------ Input for this task ------

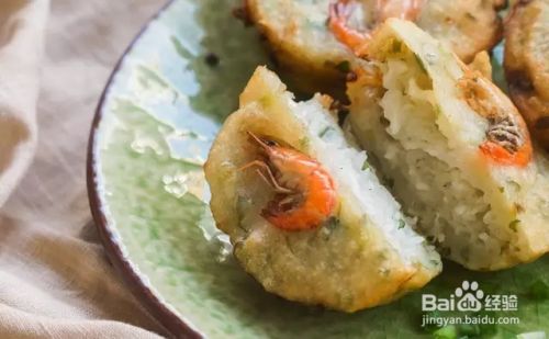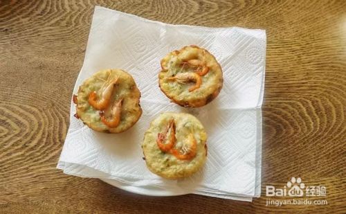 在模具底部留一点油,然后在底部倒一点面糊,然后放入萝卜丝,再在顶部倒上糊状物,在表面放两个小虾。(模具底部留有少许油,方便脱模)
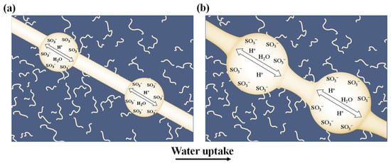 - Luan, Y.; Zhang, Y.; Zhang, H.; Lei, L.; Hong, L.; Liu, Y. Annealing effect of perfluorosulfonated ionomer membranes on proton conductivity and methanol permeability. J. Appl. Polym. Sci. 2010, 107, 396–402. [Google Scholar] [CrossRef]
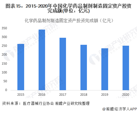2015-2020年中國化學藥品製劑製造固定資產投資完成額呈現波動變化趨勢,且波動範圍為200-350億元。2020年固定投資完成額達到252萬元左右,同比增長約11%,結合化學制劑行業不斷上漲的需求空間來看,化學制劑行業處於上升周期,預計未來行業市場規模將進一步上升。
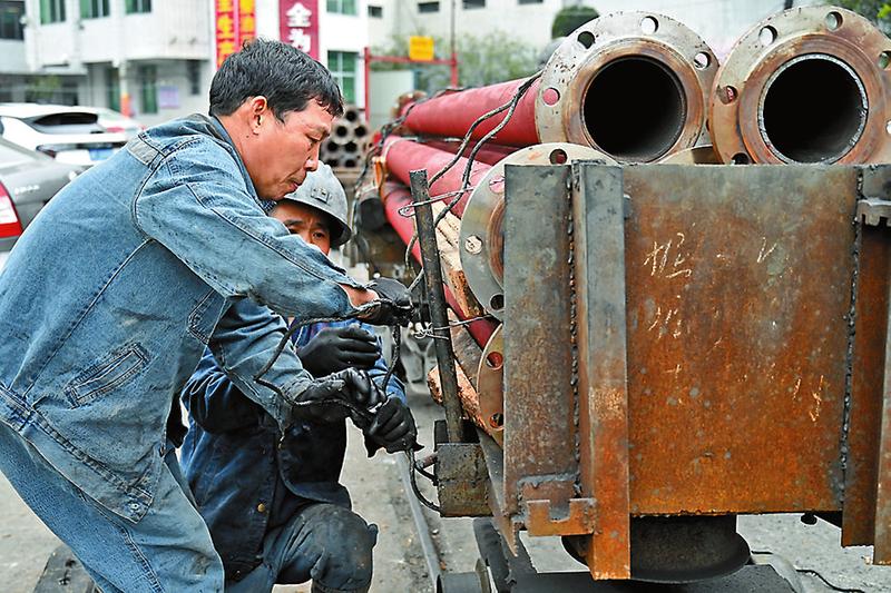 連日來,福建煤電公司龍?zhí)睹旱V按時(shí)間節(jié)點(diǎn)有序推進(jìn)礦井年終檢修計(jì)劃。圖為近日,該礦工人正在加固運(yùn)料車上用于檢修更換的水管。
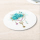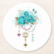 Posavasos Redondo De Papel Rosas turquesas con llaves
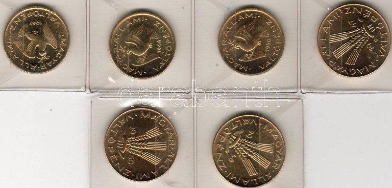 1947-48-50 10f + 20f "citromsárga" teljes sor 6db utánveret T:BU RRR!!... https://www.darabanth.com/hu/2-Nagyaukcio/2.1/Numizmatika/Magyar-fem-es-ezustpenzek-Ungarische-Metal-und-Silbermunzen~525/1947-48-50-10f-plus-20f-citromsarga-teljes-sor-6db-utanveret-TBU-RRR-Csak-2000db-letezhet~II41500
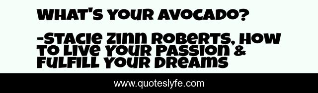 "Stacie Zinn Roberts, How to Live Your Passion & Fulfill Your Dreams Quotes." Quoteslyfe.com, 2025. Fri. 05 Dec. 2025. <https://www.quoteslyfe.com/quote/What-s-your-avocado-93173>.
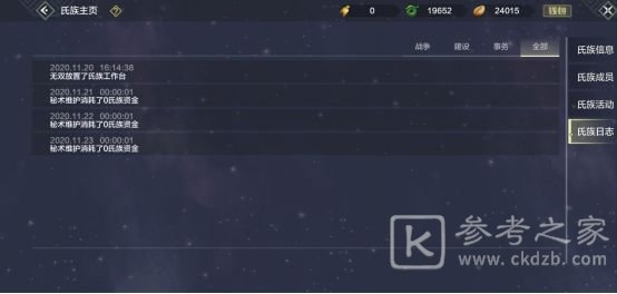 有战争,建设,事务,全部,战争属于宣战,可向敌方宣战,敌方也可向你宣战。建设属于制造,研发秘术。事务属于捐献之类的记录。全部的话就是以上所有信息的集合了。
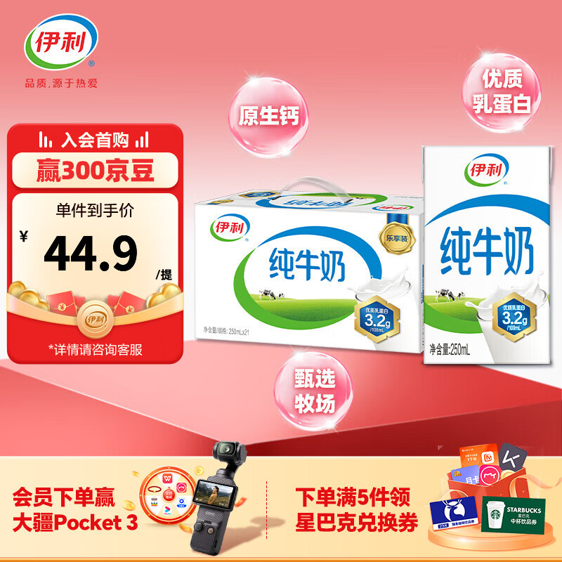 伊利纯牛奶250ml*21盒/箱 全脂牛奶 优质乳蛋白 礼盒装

------
------ Input for this task ------

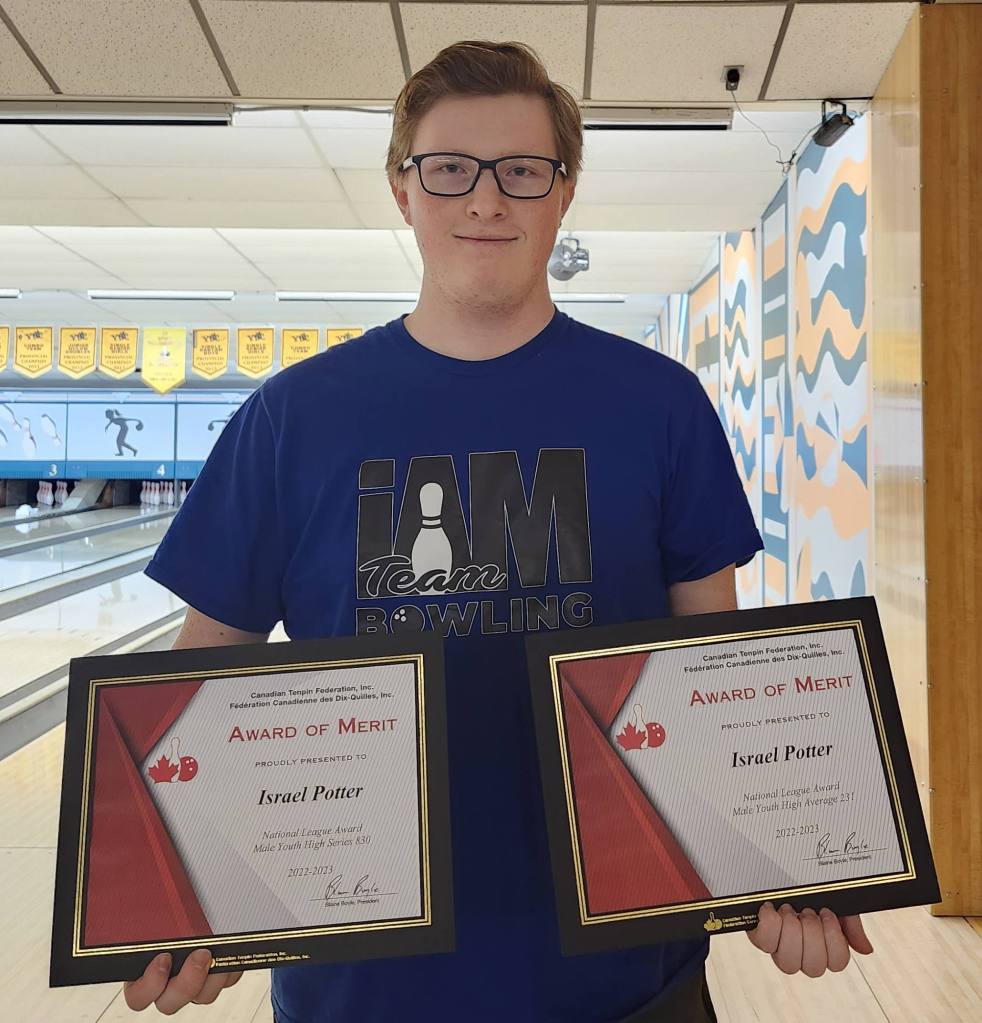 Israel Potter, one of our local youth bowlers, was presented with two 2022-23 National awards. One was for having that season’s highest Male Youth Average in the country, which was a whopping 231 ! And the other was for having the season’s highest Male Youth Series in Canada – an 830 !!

------

- [What this task involves]
In the entries above, which lines run from the one with "在模具底部留一点油,然后在底" up to and including the one with "伊利纯牛奶250ml*21盒/箱 全脂牛奶 优质乳蛋白 礼盒装"? Write them out exactly, without the pictures.

- [Response area]
 在模具底部留一点油,然后在底部倒一点面糊,然后放入萝卜丝,再在顶部倒上糊状物,在表面放两个小虾。(模具底部留有少许油,方便脱模)
 - Luan, Y.; Zhang, Y.; Zhang, H.; Lei, L.; Hong, L.; Liu, Y. Annealing effect of perfluorosulfonated ionomer membranes on proton conductivity and methanol permeability. J. Appl. Polym. Sci. 2010, 107, 396–402. [Google Scholar] [CrossRef]
2015-2020年中國化學藥品製劑製造固定資產投資完成額呈現波動變化趨勢,且波動範圍為200-350億元。2020年固定投資完成額達到252萬元左右,同比增長約11%,結合化學制劑行業不斷上漲的需求空間來看,化學制劑行業處於上升周期,預計未來行業市場規模將進一步上升。
 連日來,福建煤電公司龍?zhí)睹旱V按時(shí)間節(jié)點(diǎn)有序推進(jìn)礦井年終檢修計(jì)劃。圖為近日,該礦工人正在加固運(yùn)料車上用于檢修更換的水管。
 Posavasos Redondo De Papel Rosas turquesas con llaves
 1947-48-50 10f + 20f "citromsárga" teljes sor 6db utánveret T:BU RRR!!... https://www.darabanth.com/hu/2-Nagyaukcio/2.1/Numizmatika/Magyar-fem-es-ezustpenzek-Ungarische-Metal-und-Silbermunzen~525/1947-48-50-10f-plus-20f-citromsarga-teljes-sor-6db-utanveret-TBU-RRR-Csak-2000db-letezhet~II41500
 "Stacie Zinn Roberts, How to Live Your Passion & Fulfill Your Dreams Quotes." Quoteslyfe.com, 2025. Fri. 05 Dec. 2025. <https://www.quoteslyfe.com/quote/What-s-your-avocado-93173>.
 有战争,建设,事务,全部,战争属于宣战,可向敌方宣战,敌方也可向你宣战。建设属于制造,研发秘术。事务属于捐献之类的记录。全部的话就是以上所有信息的集合了。
 伊利纯牛奶250ml*21盒/箱 全脂牛奶 优质乳蛋白 礼盒装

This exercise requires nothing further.